片や、日本の4~6月期GDPは8月16日まで発表されませんが、日本経済研究センターの「ESPフォーキャスト調査(7月分)」によれば前期比年率+0.19%の横ばいが予想されています。1~3月期も4~6月期も緊急事態宣言(もしくはまん延防止等重点措置)で内需が抑圧されているのだから、横ばいというのは腹落ちする結果である。

しかし、横ばい済むかどうかも怪しくなってきています。既報の通り、日本政府は8月2日から緊急事態宣言の対象に埼玉、千葉、神奈川、大阪の4府県を追加し、飲食店の酒類提供を一律停止とした上、北海道、石川、京都、兵庫、福岡の5道府県には宣言に準じる「まん延防止等重点措置」を適用しています。その後、対象地域はさらに増えました。

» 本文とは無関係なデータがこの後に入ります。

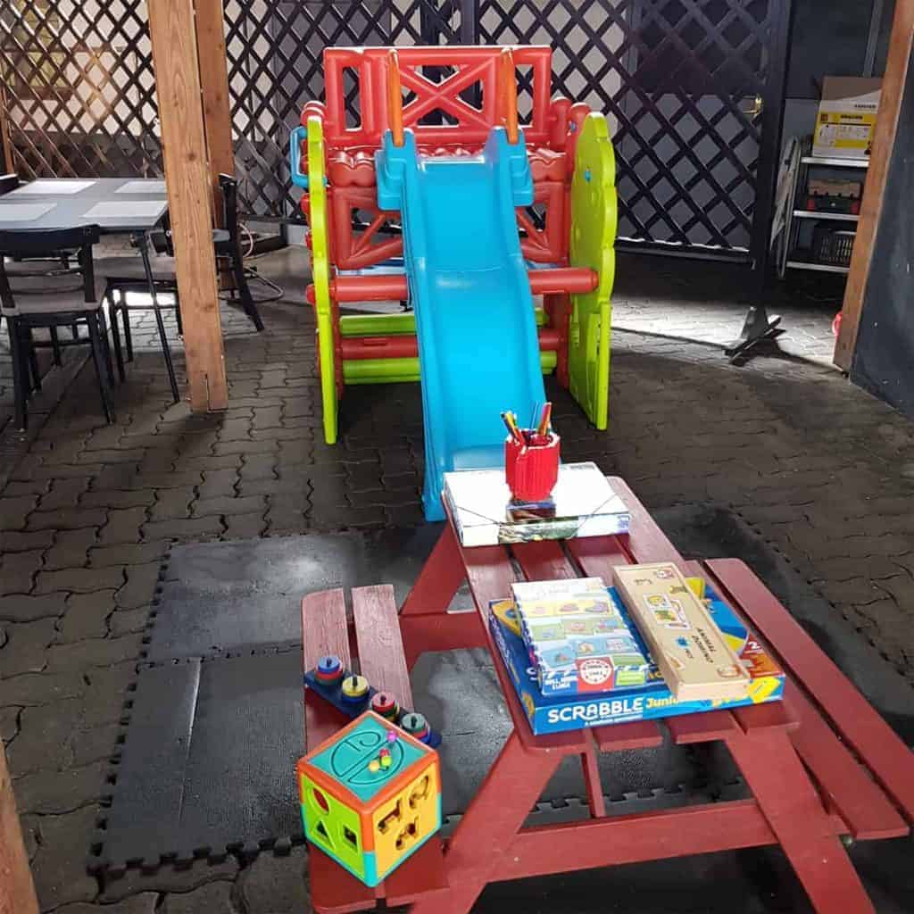 - Kisgyermekes családoknak, akik szeretnének picit megpihenni, nyugalomban, kényelemben étkezni. A gyerekek aktív szórakozásáról csúszdával, mászókával gondoskodunk, ha pedig rajzolni, kreatívkodni van kedvük, külön kis asztalnál krétatáblával, társasjátékokkal várjuk Őket.

7月分のESPフォーキャスト調査の回答期間は「2021年6月28日~7月5日」であり、感染急増を受けた規制対象地域拡大は織り込んでいませんが、調査段階でも回答者37人中14人がマイナス成長を見込んでいたことを踏まえれば、4~6月期も日本だけがマイナス成長(2四半期連続なのでテクニカル・リセッション)に陥るという可能性は否めません。

欧米対比でみすぼらしいとしか言いようがない構図です。同調査では7~9月期は同+4.9%まで成長が戻ると予測されていますが、最低でも同期の3分の2が緊急事態宣言期間になることが確定である中、これも幅をもって見ておく必要があるでしょう。今の流動的な政策対応を見る限り、9月も緊急事態宣言期間になる可能性は否めません。

資産価格の見通しは「日本の弱さ」が自明の前提に
 繰り返しになりますが、海外事例を見ても分かるように、いくらワクチン接種を進めても感染それ自体を防ぐことはできません。しかし、重症者や死者を減らすことはできます。欧米はそれで行動制限を解除して経済を走らせる決断をしており、これが上半期の高い成長率に繋がったのは明らかです。日本も類似の方向性を目指す論調が見え始めていることは心強いですが、人口1400万人を擁する首都東京の医療体制が100人も満たない重症者で崩壊する(らしい)ので、欧米路線の踏襲は難しそうに見えます。医療体制の効率的な活用は1年前から叫ばれていることですが、何故か改善しないことが既定路線になっています。筆者はこの点に関する議論は明るくないので、他の諸賢の論考に任せたいと思います。

しかし、もう医療体制の拡充は無いのだとすれば、「日本だけコロナが終わらない」は絵空事ではないという覚悟は必要だと思います。それは既に成長率の現状と展望に表れています。かかる状況を認識した上、為替や株といった資産価格の見通しは「日本の弱さ」を自明の前提として策定すべき局面に入ってきたように思います。